■ **PROBLEM DESCRIPTION**
Set down the full listing exactly as given. Any pictures are to be left out.

■ **GIVEN MATERIAL**
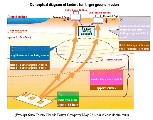 On the station site, there was a difference in the amplification of the ground motion between the Unit 1 to 4 side and the Unit 5 to 7 side due to the effects by the old underground fold structure underneath the station site. Earthquake ground motion for the Unit 1 to 4 side were about twice as large compared to the Unit 5 to 7 side. |
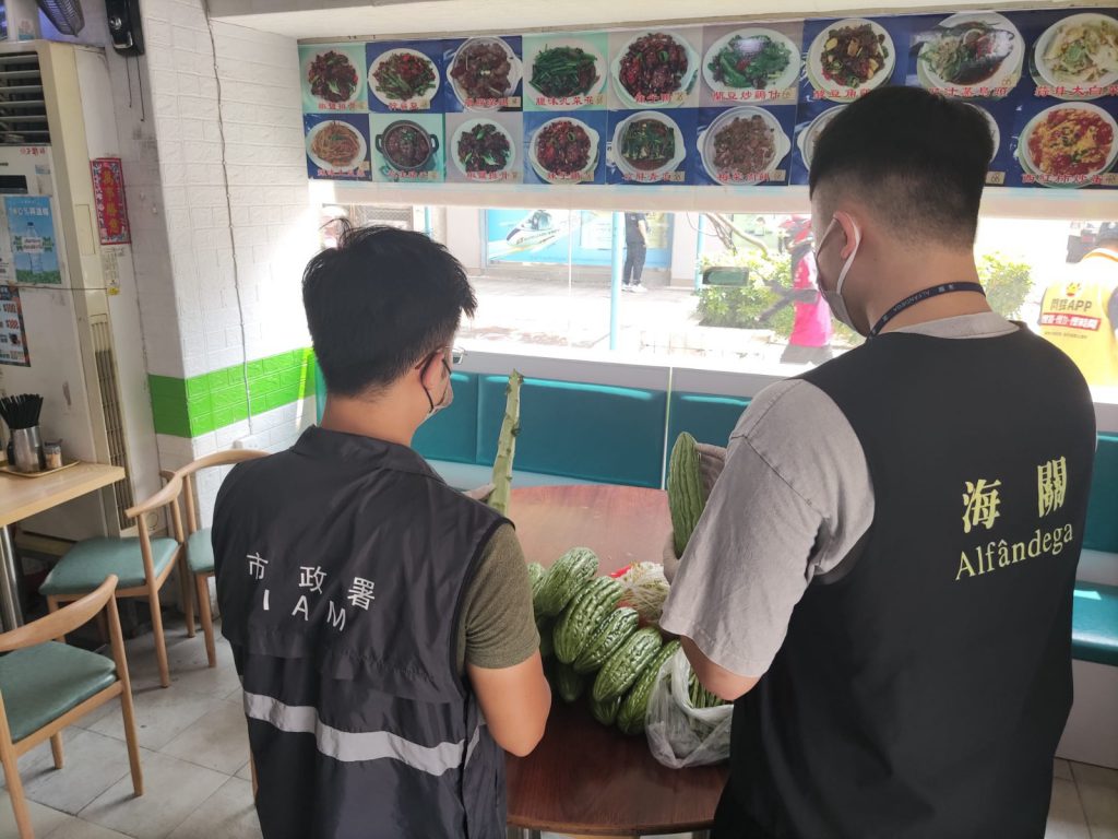 Os SA realizaram ainda, em conjunto com o IAM, durante o período de 13 a 15 do corrente mês uma acção conjunta de 3 dias no sentido de proceder a investigação na cidade em relação às lojas e aos estabelecimentos alimentares suspeitos de recolher, vender e utilizar alimentos não inspeccionados e a vigilância aos indivíduos suspeitos de transportar os alimentos não inspeccionados para Macau. Durante a acção, foram descobertos 2 estabelecimentos alimentares localizados, respectivamente, na Rua de Malaca em Macau e na Estrada Governador Albano de Oliveira na Taipa, suspeitos de recolher alimentos não inspeccionados e vendê-los após o procedimento de transformação, foram interceptados na acção, no total, 25 quilos de alimentos não inspeccionados. O IAM elaborou já as acusações contra os 2 responsáveis das lojas em questão suspeitos de infringir as disposições da Lei de Segurança Alimentar.
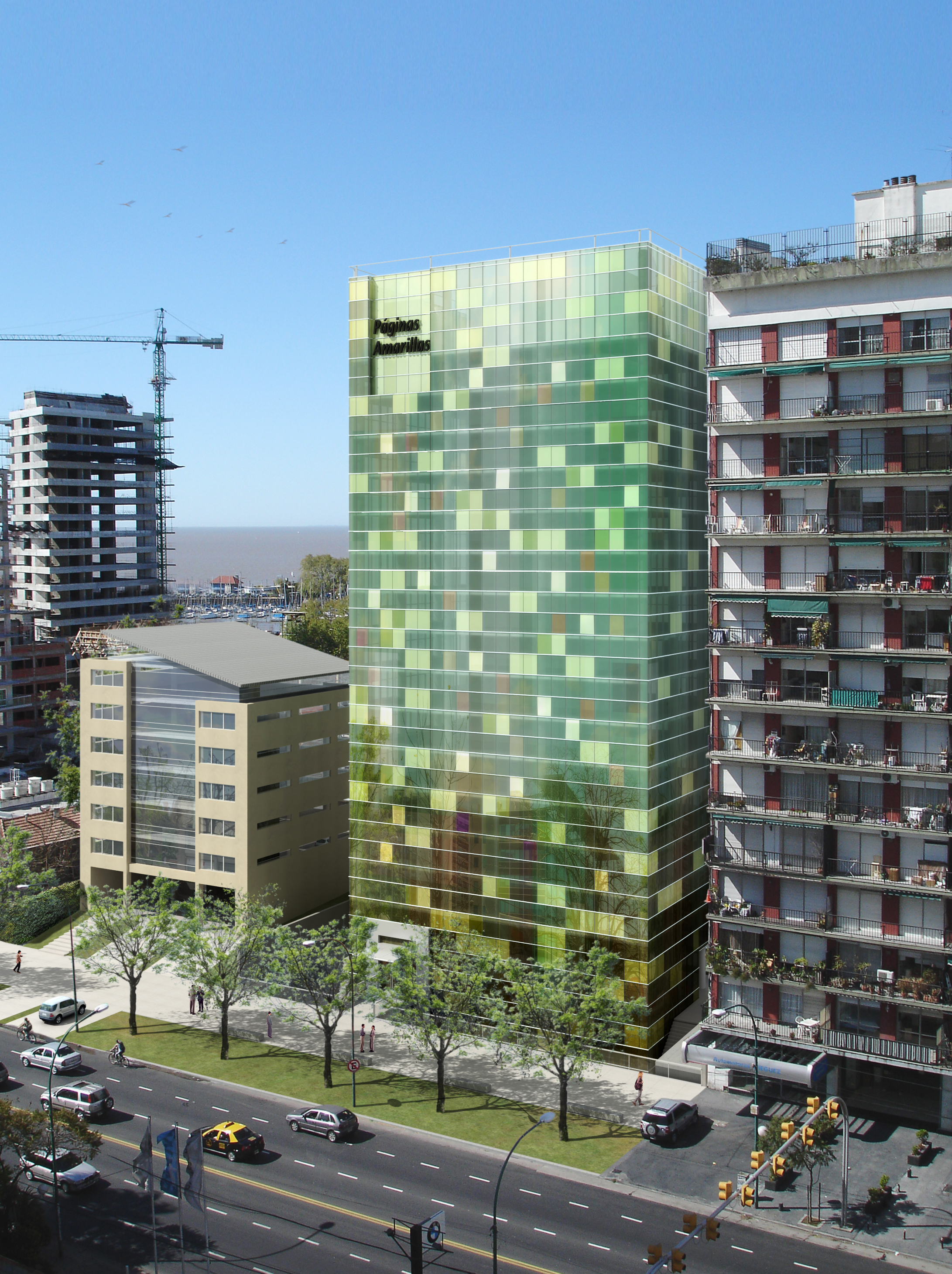 El tratamiento de la fachada con piel de vidrio tornasolado remite tanto a la imagen institucional buscada, como a los ritmos de partimiento del edificio vecino. El remate del fuste que incorpora el logo de la empresa en la fachada termina definiendo al edificio como fiel exponente de una arquitectura adecuada a su entorno y a las exigencias simbológicas requeridas por el comitente.

■ **SOLUTION TO THIS TASK**
 On the station site, there was a difference in the amplification of the ground motion between the Unit 1 to 4 side and the Unit 5 to 7 side due to the effects by the old underground fold structure underneath the station site. Earthquake ground motion for the Unit 1 to 4 side were about twice as large compared to the Unit 5 to 7 side. |
 Os SA realizaram ainda, em conjunto com o IAM, durante o período de 13 a 15 do corrente mês uma acção conjunta de 3 dias no sentido de proceder a investigação na cidade em relação às lojas e aos estabelecimentos alimentares suspeitos de recolher, vender e utilizar alimentos não inspeccionados e a vigilância aos indivíduos suspeitos de transportar os alimentos não inspeccionados para Macau. Durante a acção, foram descobertos 2 estabelecimentos alimentares localizados, respectivamente, na Rua de Malaca em Macau e na Estrada Governador Albano de Oliveira na Taipa, suspeitos de recolher alimentos não inspeccionados e vendê-los após o procedimento de transformação, foram interceptados na acção, no total, 25 quilos de alimentos não inspeccionados. O IAM elaborou já as acusações contra os 2 responsáveis das lojas em questão suspeitos de infringir as disposições da Lei de Segurança Alimentar.
 El tratamiento de la fachada con piel de vidrio tornasolado remite tanto a la imagen institucional buscada, como a los ritmos de partimiento del edificio vecino. El remate del fuste que incorpora el logo de la empresa en la fachada termina definiendo al edificio como fiel exponente de una arquitectura adecuada a su entorno y a las exigencias simbológicas requeridas por el comitente.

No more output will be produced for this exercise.